Brief: Of the entries below, repeat exactly only those lines from the one containing "第1位は、「推しぬいポーチ/" through the last line, with pictures omitted.

[Dataset items]
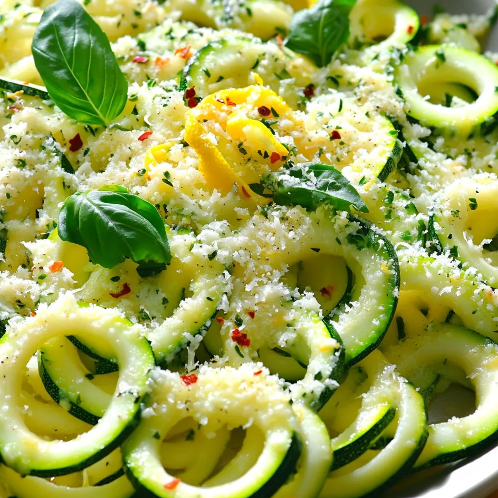 To make Minute Lemon Parmesan Zucchini Noodles, you need fresh, simple ingredients. Here’s what you will need: - 4 medium zucchinis, spiralized into noodles - 2 tablespoons extra virgin olive oil - 2 cloves garlic, finely minced - Zest of 1 large lemon - 3 tablespoons freshly squeezed lemon juice - ½ cup freshly grated Parmesan cheese - ¼ teaspoon red pepper flakes (optional) - Sea salt and freshly cracked black pepper to taste - Fresh basil leaves for garnish These ingredients come together to create a light and zesty dish. The zucchinis serve as the base, making this meal healthy and low-carb. The olive oil adds richness while the garlic brings warmth. The star of this dish is the lemon, giving a bright, fresh flavor. Parmesan cheese adds creaminess and depth. You can adjust the red pepper flakes based on your spice preference. Finally, fresh basil not only looks great but also enhances the dish's aroma. Enjoy crafting this quick meal with these fresh ingredients! Start by spiralizing your zucchinis. If you lack a spiralizer, a vegetable peeler works well too. Create long, noodle-like strands or thin ribbons. Aim for even shapes to cook uniformly. Next, take a large skillet. Heat the extra virgin olive oil over medium heat. Once hot, add the minced garlic. Sauté for 1-2 minutes until fragrant. Stir often to prevent browning. Burnt garlic can ruin the dish. Now, gently add the spiralized zucchini noodles to the skillet. Toss them in the garlic oil. Sauté for about 2-3 minutes. Stir frequently until the noodles are tender but still slightly crunchy. This keeps them al dente. Sprinkle in the lemon zest and juice. If you like a kick, add red pepper flakes. Season with sea salt and cracked black pepper. Stir everything together to coat the noodles evenly. Let the flavors blend beautifully. Remove the skillet from heat. Now, sprinkle freshly grated Parmesan cheese over the noodles. Toss gently to mix. The heat will melt the cheese slightly, adding creaminess to the dish. Plate your zesty zucchini noodles right away. Garnish with fresh basil leaves for color and aroma. For extra cheesiness, add more Parmesan on top. Serve in shallow bowls to highlight the vibrant colors. To get the best texture from zucchini noodles, you want them to stay firm. Cook them just right by sautéing for 2-3 minutes. Toss them often in the hot oil to ensure even cooking. If they get too soft, they can turn mushy. You want a nice bite, so don’t overcook them. Want to spice it up? Try adding more herbs or spices. Basil works great, but you can also use parsley or oregano. For a kick, add more red pepper flakes. A pinch of lemon zest can brighten the dish, too. If you like, toss in some toasted pine nuts for a crunchy twist. Serve your zucchini noodles in shallow bowls. This way, the bright colors pop. Add a lemon slice on the side for a fresh look. You can sprinkle extra Parmesan on top for flair. Use whole basil leaves to decorate each bowl, making it look fancy and inviting. {{image_4}} You can easily add protein to your dish. Try cooked chicken or shrimp for a boost. Simply sauté the protein in the skillet before adding the zucchini noodles. This adds flavor and makes it a full meal. If you want shrimp, cook them until they turn pink. For chicken, use grilled or rotisserie chicken for ease. If you prefer a vegetarian dish, chickpeas or avocado work great. Chickpeas add protein and a nice texture. You can mix them in with the noodles. For avocado, slice it and add it on top for creaminess. This makes your meal hearty and satisfying without meat. This recipe is already low-carb, but you can swap ingredients for gluten-free options. Instead of regular Parmesan, look for gluten-free cheese. You can also add nuts like pine nuts or walnuts for crunch. These additions keep the meal light while ensuring you meet gluten-free needs. To store leftovers, place the zucchini noodles in a clean, airtight container. Make sure to let them cool before sealing. You can keep them in the fridge for 2 to 3 days. This helps keep them fresh and tasty. If you notice any moisture, use a paper towel to absorb it before sealing. When reheating, avoid the microwave if you can. It can make the noodles soggy. Instead, use a skillet over medium heat. Add a splash of olive oil to warm them up. Stir gently for about 2 to 3 minutes. This keeps them firm and tasty. I don’t recommend freezing zucchini noodles. They lose their crunch and become mushy when thawed. If you must freeze them, spiralize and blanch them first. Then, cool them in ice water before freezing. Use a freezer-safe bag and try to remove as much air as possible. They can last up to 3 months in the freezer. You can use a vegetable peeler to make thin ribbons. First, wash the zucchini. Then, hold it steady and peel long strips. This gives you a noodle-like texture. You can also use a box grater. Just run the zucchini down the large holes. It creates small, noodle-like pieces. These methods make great substitutes for spiralized noodles. Yes, you can use frozen zucchini noodles. However, they may lose some texture. Fresh zucchini noodles stay crunchy and have a better bite. If you use frozen ones, thaw them first and drain excess water. This helps keep your dish from getting too watery. For best results, use fresh zucchini for this recipe. To keep zucchini noodles crunchy, avoid overcooking them. Sauté them for just 2-3 minutes. This keeps them tender yet firm. After spiralizing, you can also salt the noodles lightly. Let them sit for a few minutes, then pat dry with paper towels. This draws out extra moisture, helping maintain their crunch. In this blog post, I covered how to make delicious zucchini noodles. First, I explained the key ingredients needed, like fresh zucchinis and lemon juice. Next, I provided step-by-step instructions to cook and flavor them. I shared tips for perfecting the dish and suggested tasty variations. Lastly, I offered storage advice and answered co
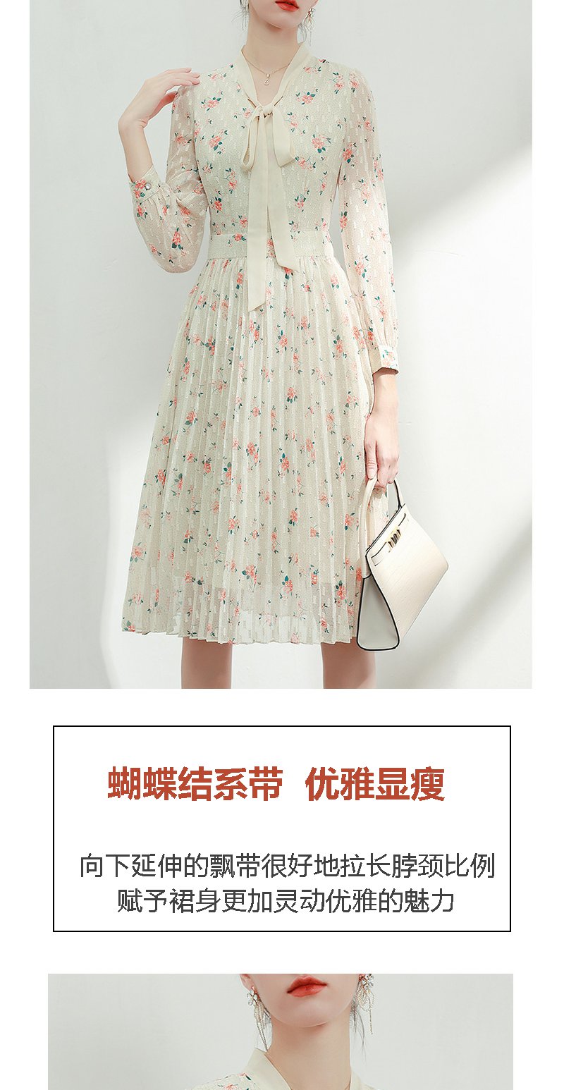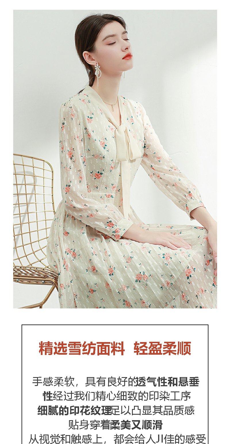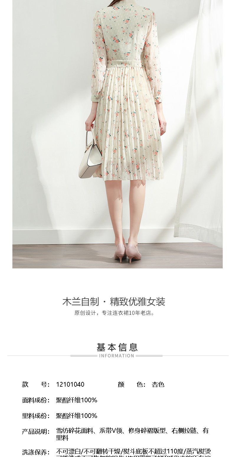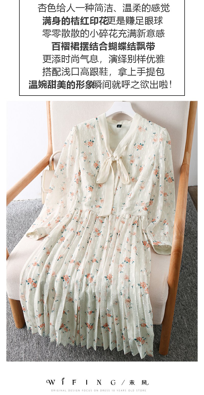 未风杏色雪纺碎花连衣裙女初春2024春季新款气质淑女减龄长袖裙子
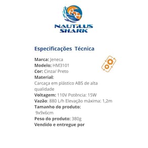 Antes de utilizar, deve-se verificar se a tensão especificada impressa na placa coincide com a tensão real. Quando houver necessidade de manusear a bomba, desconecte-a sempre da tomada elétrica. Não opere a bomba a seco/acima do nível da água ? Não manuseie a bomba levantando-a com o cabo de alimentação. Esta bomba pode ser imersa na água a uma profundidade máxima de 90cm. Para a limpeza da bomba, remova a tampa frontal e o impulsor. Qualquer resíduo preso pode ser removido com uma pequena escova de limpeza ou jato forte de água. Marca: Jeneca Modelo: HM3101 Cor: Cinza/ Preto Material: Carcaça em plástico ABS de alta qualidade Voltagem: 220V Potência: 15W Vazão: 880 L/h Elevação máxima: 1,2m Tamanho do produto: Carcaça: 9x9x6cm Peso do produto: 380g Vendido e entregue por Nautilus Aquarismo
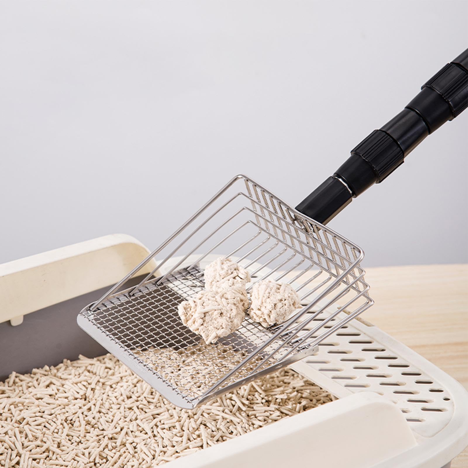 Paletta Lettiera Gatti In Acciaio Inox - Doppio Setaccio 4mm/10mm, Manico Legno, Profonda E Resistente
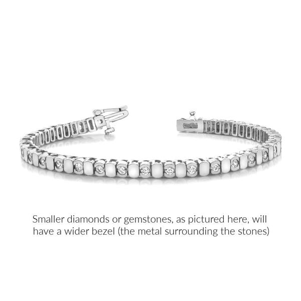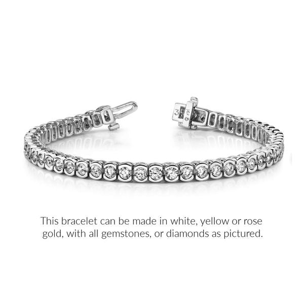 64901 RepairA modern twist on a timeless classic, this bracelet can be set with your favorite gems. Shown here with AAA blue sapphires set in yellow gold, you might consider rubies set in rose gold, or diamonds and emerald set in white gold. How would you make this stunning piece your own?
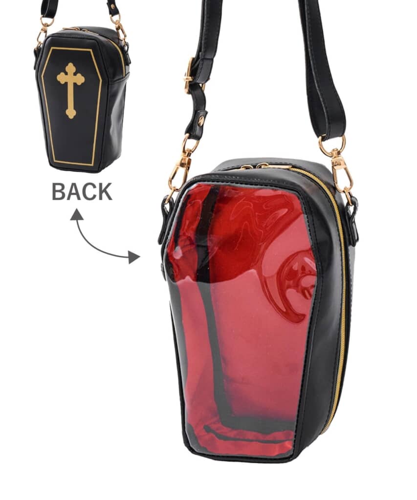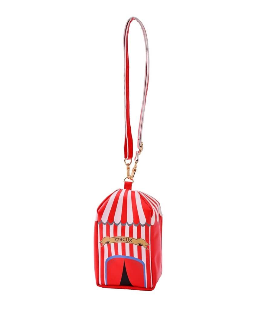 第1位は、「推しぬいポーチ/ハロウィン」(税込み:880円)でした。大好きな推しのぬいぐるみを入れて持ち運べる、ハロウィンデザインのかわいいポーチです。ショルダー紐は長さ調整が可能で、斜め掛けにしてライブやイベントにぴったり。もちろん普段のお出かけにも活躍します。ぬいぐるみだけでなく、アクリルスタンドなどの推し活グッズの収納にも便利で、ファン心をしっかりサポートしてくれるアイテム。ハロウィン気分を楽しみながら、推しといつでも一緒に過ごせます。デザインはサーカス小屋のようなレッドと、ドラキュラの棺桶のようなブラック、魔法書のようなブラウンをラインアップしています。
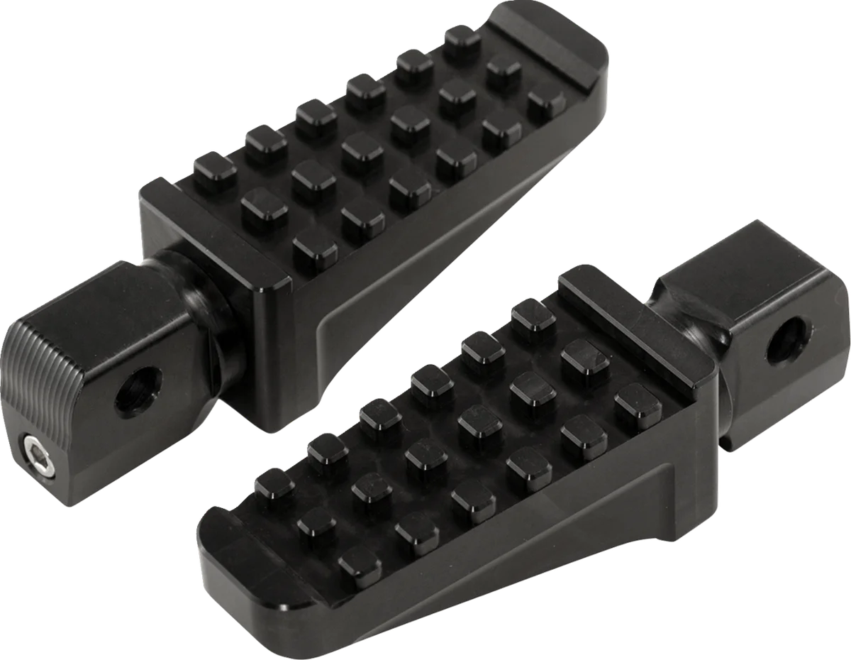 Fully CNC machined from solid 6061-T6 bar. Super strong, yet light-weight 2 piece construction. Wider foot surface for a comfortable ride. Short design gives you more lean angle. Serrated surface provides a good bite to the bottom of your shoe. Full 360 degree footpeg rotation makes these footpegs perfect for any application. Pitch adjustment screw always keeps them in a good riding position. Made in the USA. Will not fit Indian passenger peg mounts..
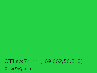 CIELab 74.441,-69.062,56.313 Color is a normal green color and the nearest color is Lime Green #32cd32. Hex code #24d345 and RGB value is rgb(36,211,69). In RGB color space, this color is composed of 14% red, 83% green, 27% blue, In CMYK color space, this color is composed of 83% cyan, 0% magenta, 67% yellow , 17% black , In HSL color space, this color has a hue angle of 131° , 71% saturation and 48% lightness.
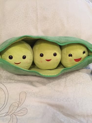 หมอนตุ๊กตาถั่วลันเตา 3 เม็ดในฝักสีเขียว ใบหน้ายิ้มน่ารัก
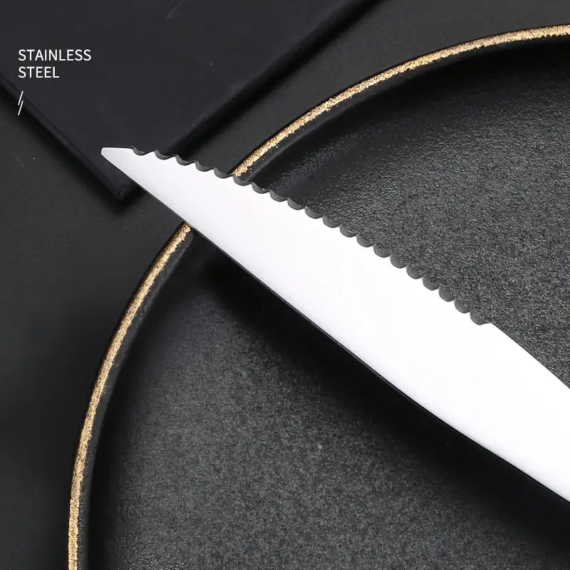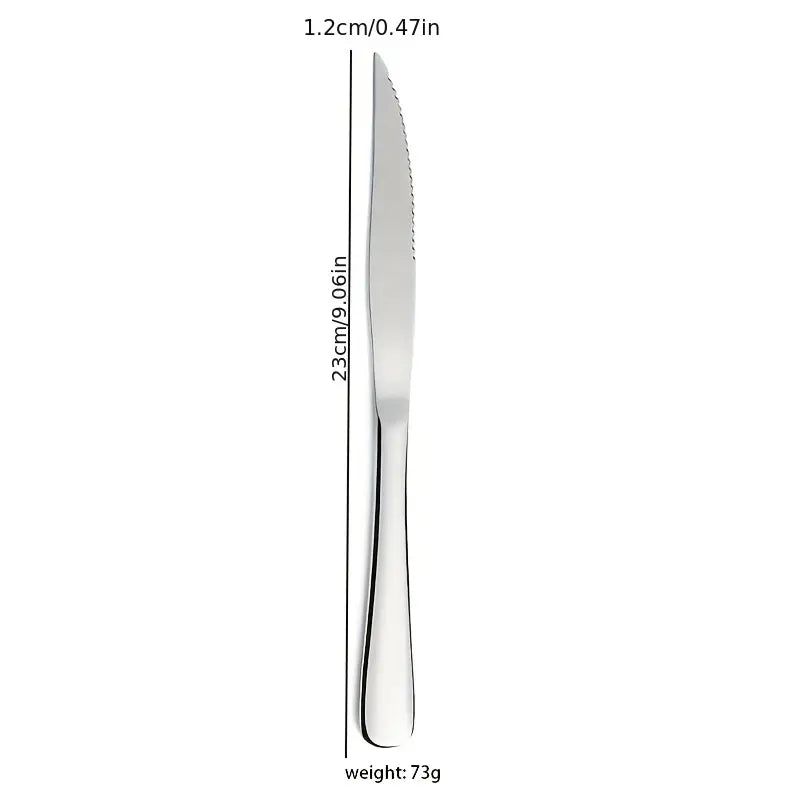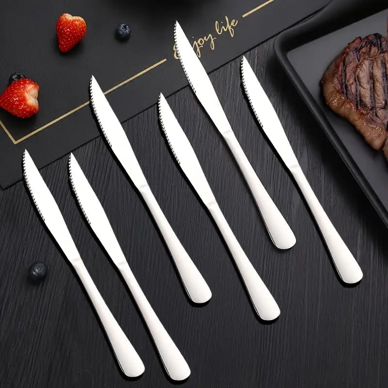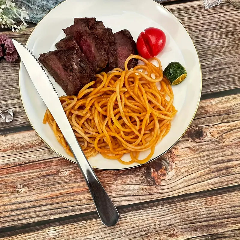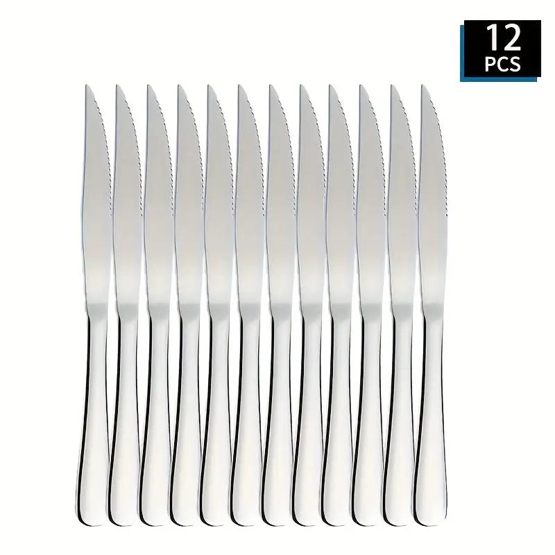 Elevate your dining experience with this 8/12pcs thickened stainless steel steak knife set, crafted for precision and durability. Featuring serrated, mirror-polished blades, these elegant and classic knives effortlessly cut through meat, beef, and other foods. Perfect for family meals, formal dining, or restaurant use, they are also dishwasher safe, combining functionality with timeless style for every table.

Task answer:
 第1位は、「推しぬいポーチ/ハロウィン」(税込み:880円)でした。大好きな推しのぬいぐるみを入れて持ち運べる、ハロウィンデザインのかわいいポーチです。ショルダー紐は長さ調整が可能で、斜め掛けにしてライブやイベントにぴったり。もちろん普段のお出かけにも活躍します。ぬいぐるみだけでなく、アクリルスタンドなどの推し活グッズの収納にも便利で、ファン心をしっかりサポートしてくれるアイテム。ハロウィン気分を楽しみながら、推しといつでも一緒に過ごせます。デザインはサーカス小屋のようなレッドと、ドラキュラの棺桶のようなブラック、魔法書のようなブラウンをラインアップしています。
 Fully CNC machined from solid 6061-T6 bar. Super strong, yet light-weight 2 piece construction. Wider foot surface for a comfortable ride. Short design gives you more lean angle. Serrated surface provides a good bite to the bottom of your shoe. Full 360 degree footpeg rotation makes these footpegs perfect for any application. Pitch adjustment screw always keeps them in a good riding position. Made in the USA. Will not fit Indian passenger peg mounts..
 CIELab 74.441,-69.062,56.313 Color is a normal green color and the nearest color is Lime Green #32cd32. Hex code #24d345 and RGB value is rgb(36,211,69). In RGB color space, this color is composed of 14% red, 83% green, 27% blue, In CMYK color space, this color is composed of 83% cyan, 0% magenta, 67% yellow , 17% black , In HSL color space, this color has a hue angle of 131° , 71% saturation and 48% lightness.
 หมอนตุ๊กตาถั่วลันเตา 3 เม็ดในฝักสีเขียว ใบหน้ายิ้มน่ารัก
 Elevate your dining experience with this 8/12pcs thickened stainless steel steak knife set, crafted for precision and durability. Featuring serrated, mirror-polished blades, these elegant and classic knives effortlessly cut through meat, beef, and other foods. Perfect for family meals, formal dining, or restaurant use, they are also dishwasher safe, combining functionality with timeless style for every table.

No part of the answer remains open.